第3話『銀の戦士』⑥
優は正面から飛び掛かった。全力で右の拳を繰り出すが、簡単に受け止められた。そのままパンチの連打にキックも混ぜた攻撃を浴びせたが、全て弾かれ、一撃も相手に届かなかった。
「この程度か」
「まだまだぁ」
優は攻撃を続けるが、このままでは通用しないのも理解していた。そこで、相手が余裕を持って受けている今、一手を講じた。
「マッハキック!」
突然、間に挟むキックを、瞬時にパワー・スピードを増幅させる必殺のマッハキックに切り替えたのだ。ハイキックが倍速以上のスピードで戦士に叩き付けられると、相手のガードを蹴散らし、顔面に炸裂した。ただ、戦士は微動だにせず、吹っ飛びもしなかった。
「……やるな」
戦士はそう呟くと、攻勢に転じた。優と同じようにパンチとキックを乱れ打ちしてくる。ただ、優と違うのは、その全てが的確に優の顔面や身体に命中している事だ。ガードしても弾かれ、かわそうにも追尾して当ててくるような攻撃で、優は次々に食らってしまった。しかも、速度・威力共に結構なもので、なす術がなかった。
「くっ」
優は何とか後転して敵の攻撃を外し、「フラッシュ!」と叫ぶと、強烈な閃光を放った。最初の怪物を倒した際にも使った目くらましだ。そして、相手が一瞬怯んだのを確認すると、飛び上がり、空中からのマッハキックを放った。
「これで俺に勝てる算段か? 甘い……。覚悟しろっ!」
目は見えているのか、戦士はさっと身構えると、先程カメレオン型に放ったような下からの飛び蹴りを発射した。銀色の閃光が宙に伸びて行き、キック同士がぶつかり合う。空中で破裂するような衝撃が起こった。
「ぐあっ……」
撃墜されたのは優の方だった。怪物のように粉砕はされなかったものの、激突した右脚から全身に強烈な痛みが走り、地上に落下した。遅れて、宙で銀の弧を描いた戦士も脇に着地した。

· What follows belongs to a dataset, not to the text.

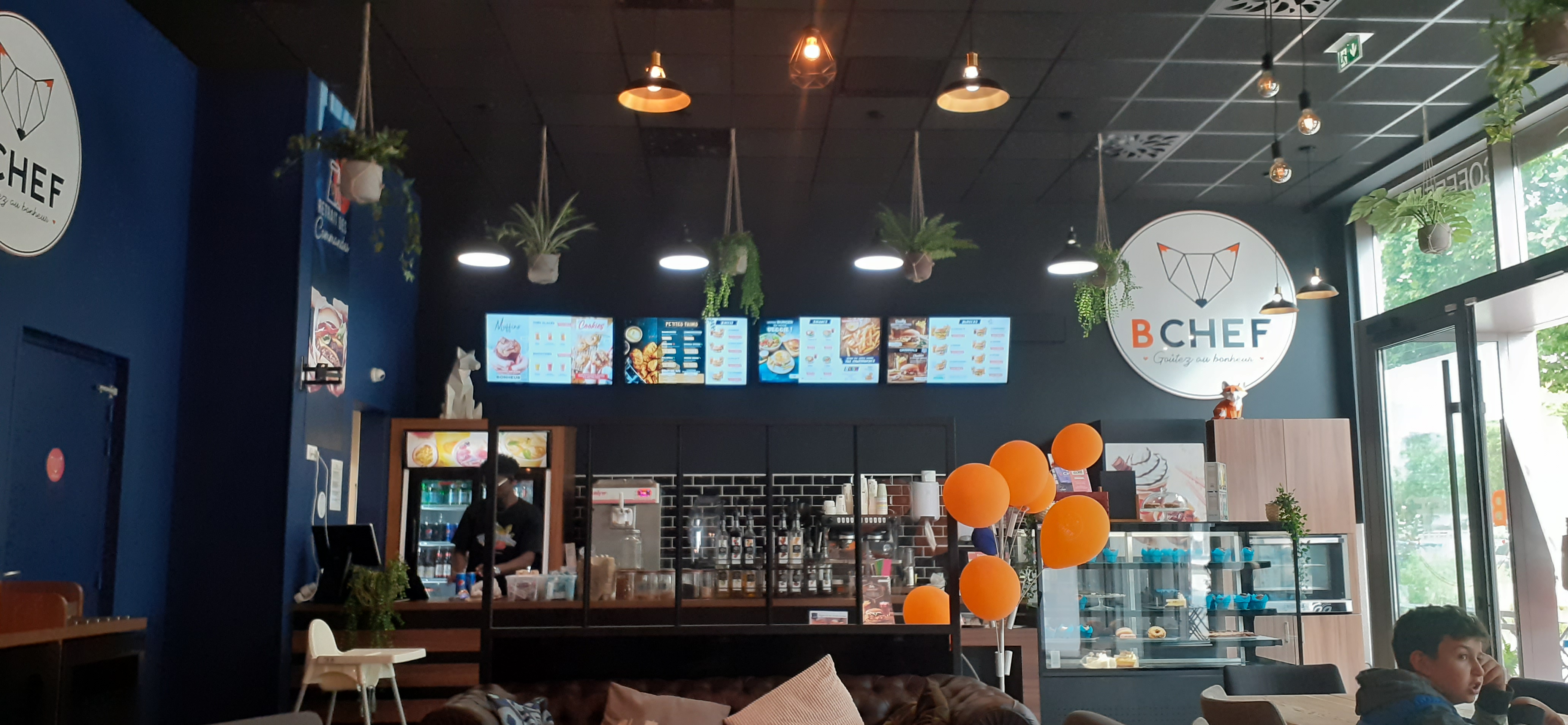 Que dire de Bchef, un acceuil incroyable, des burgers vous faisant salivé, une décoration vous apportant un confort indescriptible et la localisation ? Parlons en ! Parfaite pour un petit creux lors de son shopping ou d’une séance de cinéma. Et même si vous préférez votre petit cocon bien douillé, offrez vous un menu à la maison car Bchef viens jusqu’à chez vous !

「手加減はした……。これでわかっただろう。もう手を出さない事だ」
戦士は倒れている優を見下ろしながら言い放った。優は何とか起き上がろうと身体を動かすが、全身が痺れており、上手くいかない。
「ぜ……ったいに……諦め……ない」
いつものセリフを口にはするものの、身体がついてこなかった。
「その強い意志だけは認めよう。だが、意志に強さが伴わなくては戦えない」
「待って……くれ……俺は……」
優は相手の足を掴み、追いすがろうとするが、
「時間がない。そろそろ警察とやらも来るだろうから、ずらからせてもらうぞ」
戦士はそう言うと、優の首筋に一撃を当て、意識を刈り取った。そして、気絶した彼を肩に担いでその場を離れたのだった。